Our cybernetic civilization is approaching a "Kardashev Type 0/1 boundary"
and I don’t think it's possible for us to make the jump to Type 1.
Like most other people, Kardashev misunderstood the underlying drivers of human behavior, assuming them to be a combination of ingenuity and free will. We indeed have ingenuity, but only in the direction of growth (and damn the entropic consequences). We can’t manage preemptive de-growth or even the application of the Precautionary Principle,
because as a collective organism humanity doesn't actually have free will (despite what it feels like to us individual humans). Instead, we exhibit emergent behavior that is entirely oriented towards growth.
I see no purpose in wasting further physical, financial or emotional energy on trying to avoid the inevitable. Given our situation and what I think is its root cause, I generally tell people who see the unfolding crisis and want to make changes in their lives simply to follow their hearts and their personal values. I'm not exactly advising them to “Eat, drink and be merry”, though. You might think of it more as, “Eat, drink and be mindful.”
Paul Chefurka
August,2013
Ottawa,Canada
Comments:
We
struggle to explain why the conventional economic doctrine battles the
realities of existential economic science; the first hypothesizes an
infinite
positive sum-game for human activity, while the latter goes begging to
find a wider audience for its voice - that asserts a finite negative
sum-game, dictated by
the physical constraints and the laws of exponential mathematics. These
two beliefs are
deeply conflicting with one another because the first chooses to ignore
the governing
rules of the universe, whereas the other proposes integration with
science,
physics and mathematics, in order to set a better path for human
activity.
So in
our search for explanations we look to other writers, scholars, thinkers and
activists for insights into why our collective actions and theories act in
defiance of realities by endorsing infinite growth doctrines that are not only
impossible to continue any longer, but they also push our species along an accelerated
path destined for premature extinction.
As
Paul
Chefurka sets out in “Paradise Lost” maybe there is nothing to be done
or anything else that
can be said. Our internal wiring is so connected to the natural forces
of the universe that it causes us to pursue and use more energy to serve our
primary purposes
of survival and procreation. Call it an inborn energy-seeking behavior.

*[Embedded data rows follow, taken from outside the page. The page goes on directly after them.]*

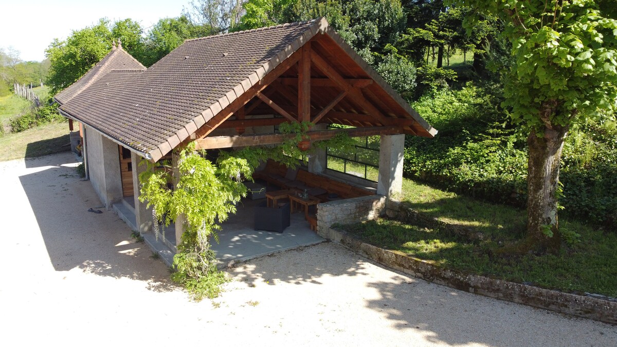c'est comme un endroit secret cette petite maison posée à flanc de colline avec une vue merveilleuse sur le lac complétement indépendante, construite à l'entrée de la propriété, elle est sans vis à vis, avec un confort haut de gamme, une grande terrasse de 70m2 avec un spa privatif, sous abri, ayant en ligne de mire le lac. Cette maison est uniquement pour 2 personnes adultes sans enfant (aucun rajout de personne supplémentaire n'est possible).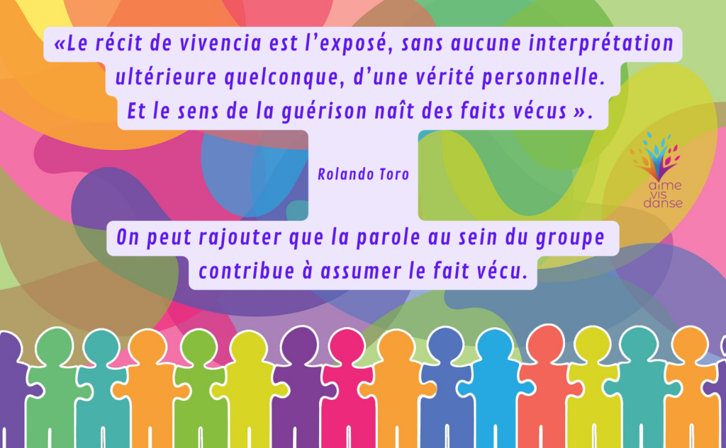 C’est ainsi que nous parlons de « récit de vivencia ». Et lorsque le groupe existe de fait en tant que tel, le partage vivenciel de chacun de ses membres est perçu et vécu par tous comme une danse totale. C’est ce qui fait entrer les personnes dans ce que nous appelons « la parole émue ». Elle est émotion pour qui l’offre et pour qui la reçoit.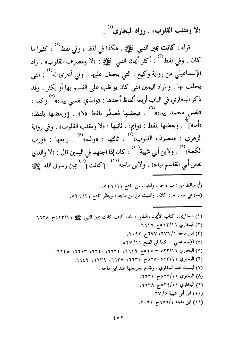 (¬1) البخاري، كتاب الأيمان والنذور، باب كيف كانت يمين النبي - صلى الله عليه وسلم - 11/ 523 ح 6628.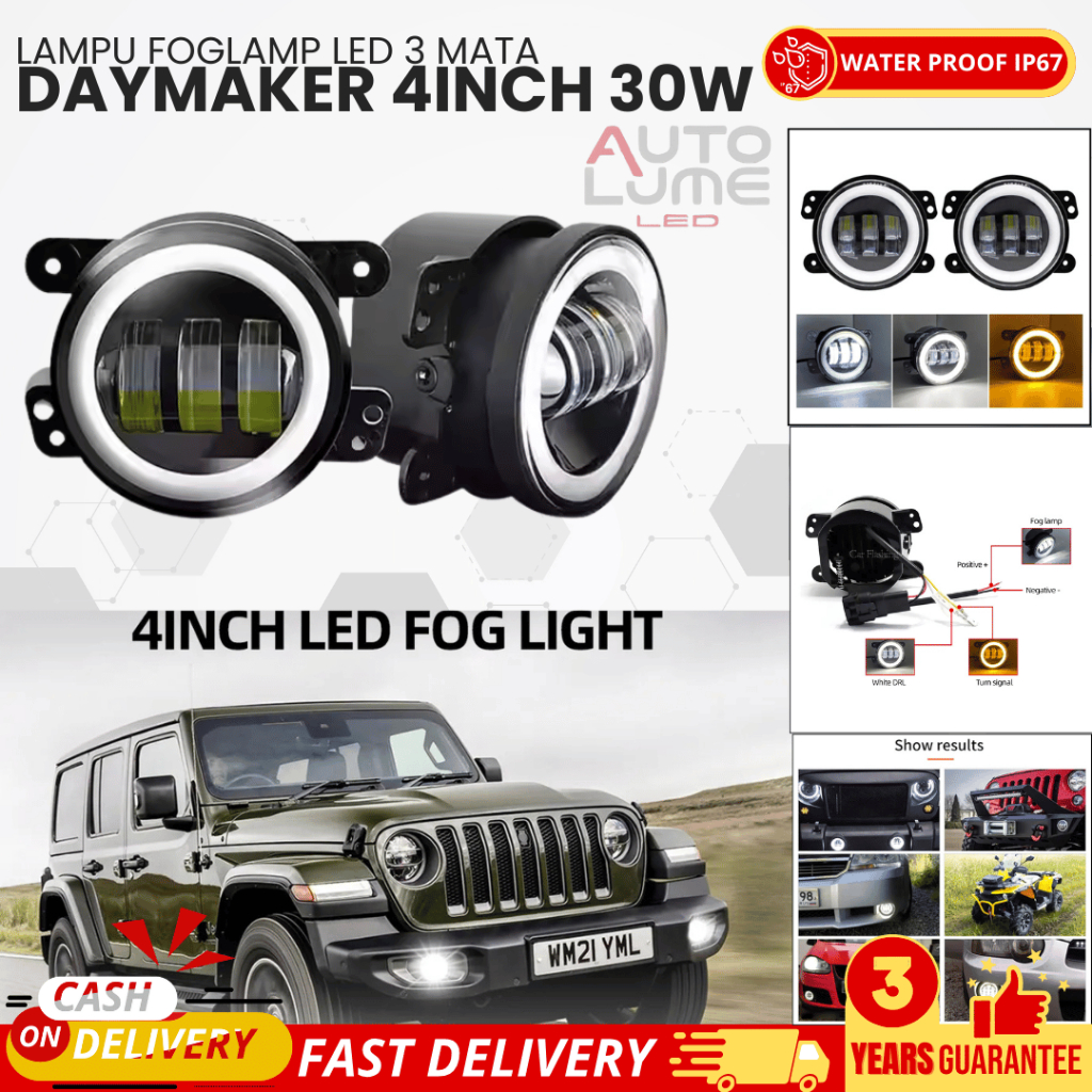 【AutoLume】SEPASANG Lampu Foglamp LED 4 Inch | 3 Lensa Full Ring | 2 Warna (Putih & Kuning) | 60W | Cocok untuk Off-Road, Motor, Mobil& Jeep Wrangler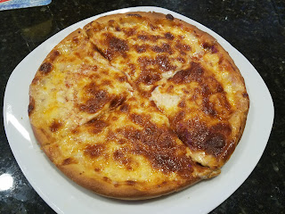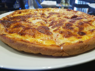 I always appreciate how clean the place is every time.  It’s such a friendly, casual, and relaxing atmosphere that draws friendly people that all seem to know one another.  The service has been speedy and courteous each time I’ve visited and the food is remarkably good and consistent.  I’ve sampled the wings and a few appetizers there which were very good, but today it was time to try the pizza.  HV sells personal pizzas which is made with fresh, hand tossed dough and topped with their special blend of cheeses.  I ordered up a cheese pizza, affectionately known as “Old Faithful” on the menu and it wasn’t long before the pizza was right in front of me.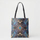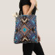 This is a design that radiates with layered diamonds and lines in teal, beige and black. It is both ancient geometry and modern vibe at once.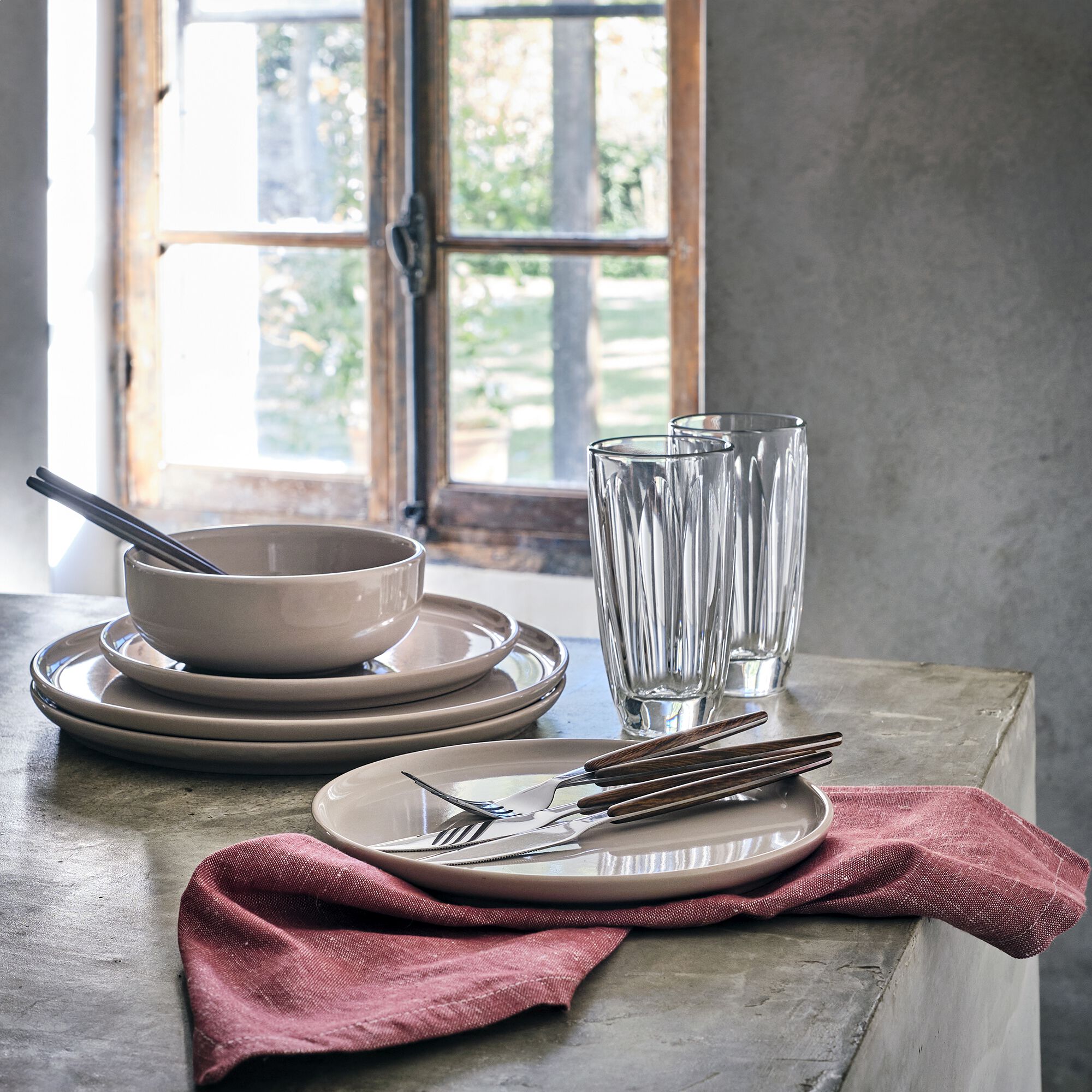STRIE - Service de vaisselle en grès - beige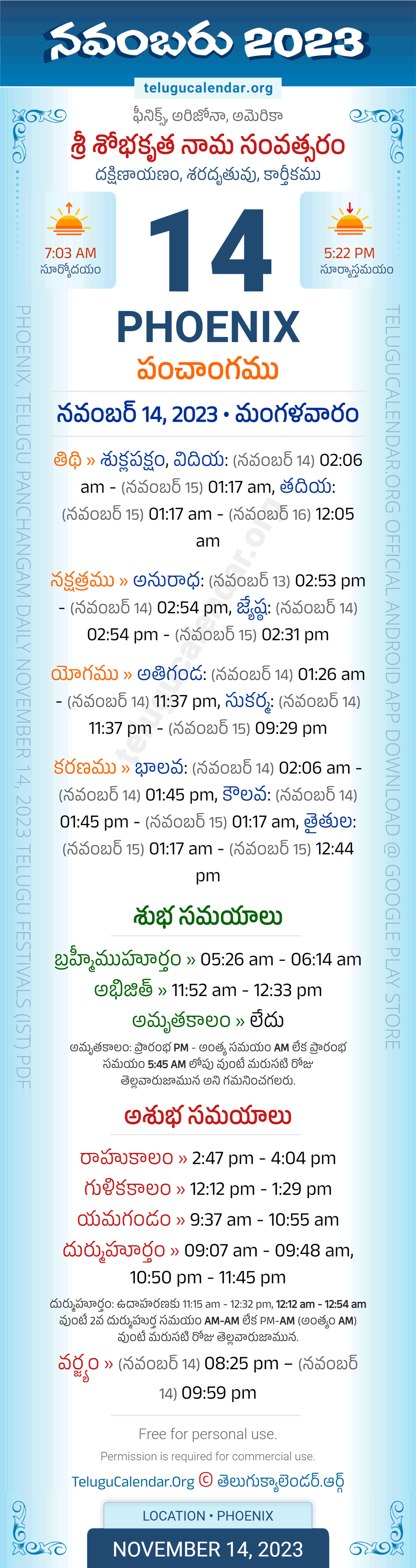 Download » November 14, 2023 » Phoenix (USA) Telugu Panchangam Daily Sheet with Auspicious and Inauspicious Timings.

We are then just an integral natural part of the second law of
thermodynamics serving to further
and accelerate the causes of entropy in the whole universe. That being
the case, conventional economic doctrines sadly wins the battle, as it
is clearly aligned with entropic
forces that invisibly shapes the destiny of humanity, the universe and
eternity.
Hence
in our last analysis, it as certain as it gets that we cannot defeat
eternity, but that in itself should not dissuade us from seeking to
optimize our entropic relationship with the universe in pursuit of a
longer path. Too many things could happen along the way!